*** Begin section ***

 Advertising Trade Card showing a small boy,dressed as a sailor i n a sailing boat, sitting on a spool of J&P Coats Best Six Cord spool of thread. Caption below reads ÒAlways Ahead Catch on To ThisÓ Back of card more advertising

*** End section ***
*** Begin section ***

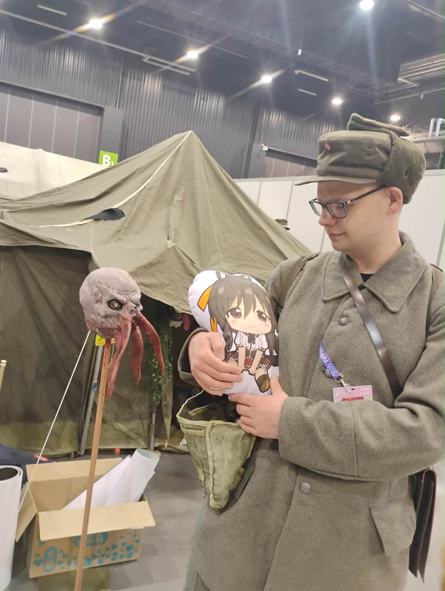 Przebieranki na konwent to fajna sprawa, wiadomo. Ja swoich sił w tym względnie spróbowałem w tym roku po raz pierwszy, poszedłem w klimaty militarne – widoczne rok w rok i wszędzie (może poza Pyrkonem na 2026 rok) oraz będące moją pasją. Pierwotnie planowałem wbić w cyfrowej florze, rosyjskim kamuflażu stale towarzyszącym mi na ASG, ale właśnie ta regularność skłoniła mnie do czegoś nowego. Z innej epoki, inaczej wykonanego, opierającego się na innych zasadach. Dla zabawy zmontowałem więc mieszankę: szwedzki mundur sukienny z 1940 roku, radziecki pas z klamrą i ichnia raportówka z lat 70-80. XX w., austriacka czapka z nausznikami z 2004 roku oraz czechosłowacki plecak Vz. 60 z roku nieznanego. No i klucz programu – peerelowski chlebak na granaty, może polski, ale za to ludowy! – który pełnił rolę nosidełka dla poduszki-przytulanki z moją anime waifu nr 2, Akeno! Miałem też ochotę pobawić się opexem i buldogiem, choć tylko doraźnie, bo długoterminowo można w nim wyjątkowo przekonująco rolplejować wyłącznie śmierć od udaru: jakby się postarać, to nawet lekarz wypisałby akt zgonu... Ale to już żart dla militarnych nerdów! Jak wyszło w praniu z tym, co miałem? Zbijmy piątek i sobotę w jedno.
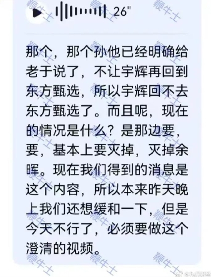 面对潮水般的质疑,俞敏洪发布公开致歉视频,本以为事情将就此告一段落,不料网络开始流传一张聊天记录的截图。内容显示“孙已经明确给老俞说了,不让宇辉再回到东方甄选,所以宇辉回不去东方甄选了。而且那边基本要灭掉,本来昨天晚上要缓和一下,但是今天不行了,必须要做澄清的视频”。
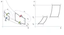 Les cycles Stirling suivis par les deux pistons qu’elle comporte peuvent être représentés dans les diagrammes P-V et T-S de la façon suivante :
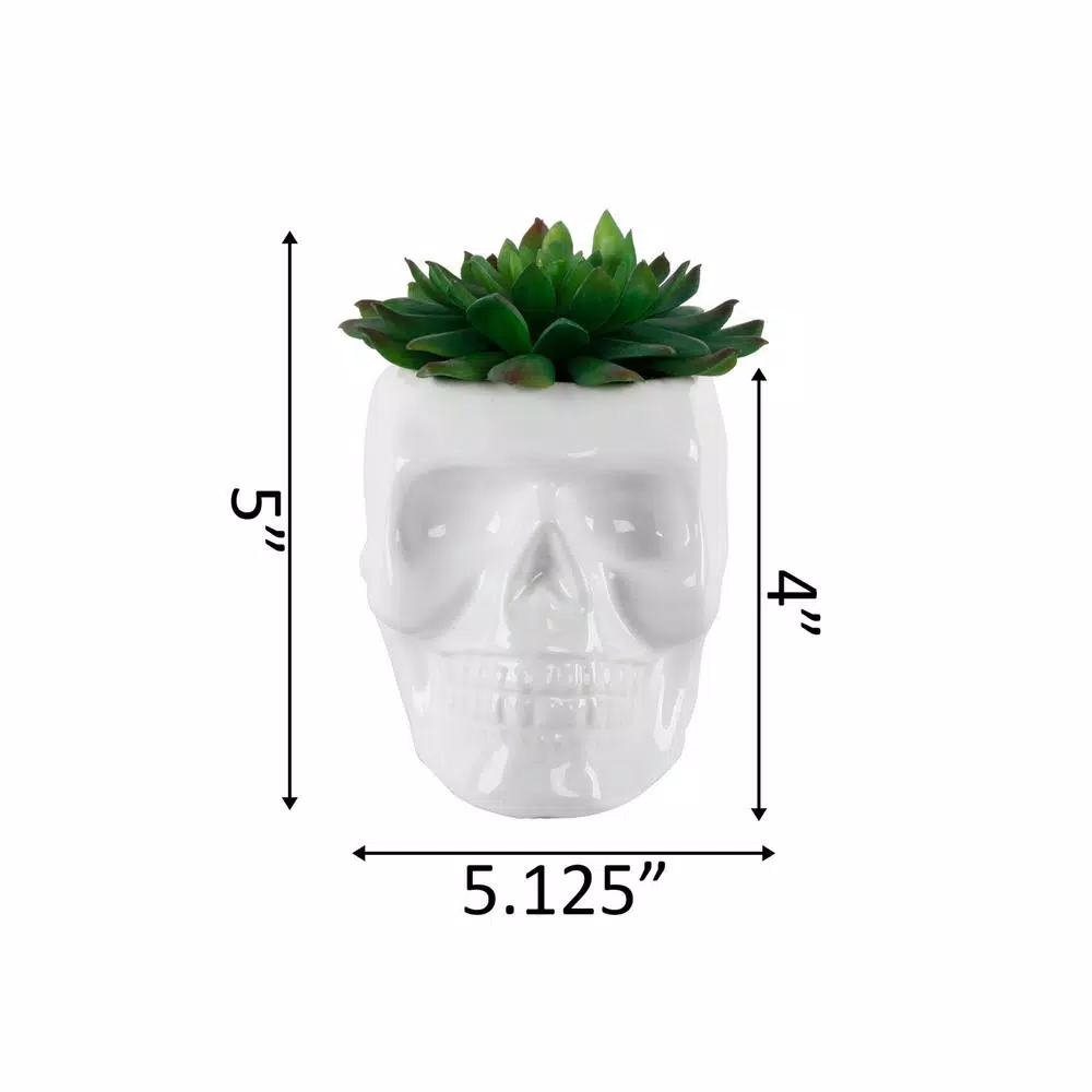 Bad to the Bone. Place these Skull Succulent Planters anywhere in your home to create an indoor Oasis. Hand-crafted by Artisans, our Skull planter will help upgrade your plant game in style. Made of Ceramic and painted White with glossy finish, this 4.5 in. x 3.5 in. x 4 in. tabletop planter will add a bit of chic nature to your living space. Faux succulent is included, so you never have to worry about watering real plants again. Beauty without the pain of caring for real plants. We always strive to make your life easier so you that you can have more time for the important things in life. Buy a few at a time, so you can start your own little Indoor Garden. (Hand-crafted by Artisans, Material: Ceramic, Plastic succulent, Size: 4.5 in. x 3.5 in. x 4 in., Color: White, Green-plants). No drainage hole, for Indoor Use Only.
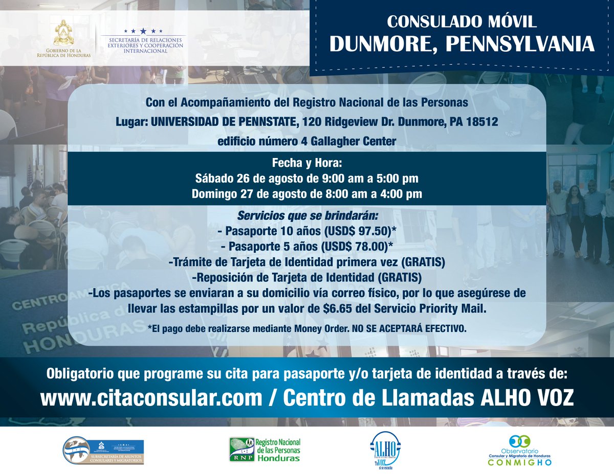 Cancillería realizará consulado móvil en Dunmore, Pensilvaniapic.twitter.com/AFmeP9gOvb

*** End section ***

PROBLEM DESCRIPTION:
Word for word, repeat the lines above from the one with "Les cycles Stirling" through the one with "Cancillería realizará consulado", and nothing beyond them. Omit the pictures.

ANSWER SPACE:
 Les cycles Stirling suivis par les deux pistons qu’elle comporte peuvent être représentés dans les diagrammes P-V et T-S de la façon suivante :
 Bad to the Bone. Place these Skull Succulent Planters anywhere in your home to create an indoor Oasis. Hand-crafted by Artisans, our Skull planter will help upgrade your plant game in style. Made of Ceramic and painted White with glossy finish, this 4.5 in. x 3.5 in. x 4 in. tabletop planter will add a bit of chic nature to your living space. Faux succulent is included, so you never have to worry about watering real plants again. Beauty without the pain of caring for real plants. We always strive to make your life easier so you that you can have more time for the important things in life. Buy a few at a time, so you can start your own little Indoor Garden. (Hand-crafted by Artisans, Material: Ceramic, Plastic succulent, Size: 4.5 in. x 3.5 in. x 4 in., Color: White, Green-plants). No drainage hole, for Indoor Use Only.
 Cancillería realizará consulado móvil en Dunmore, Pensilvaniapic.twitter.com/AFmeP9gOvb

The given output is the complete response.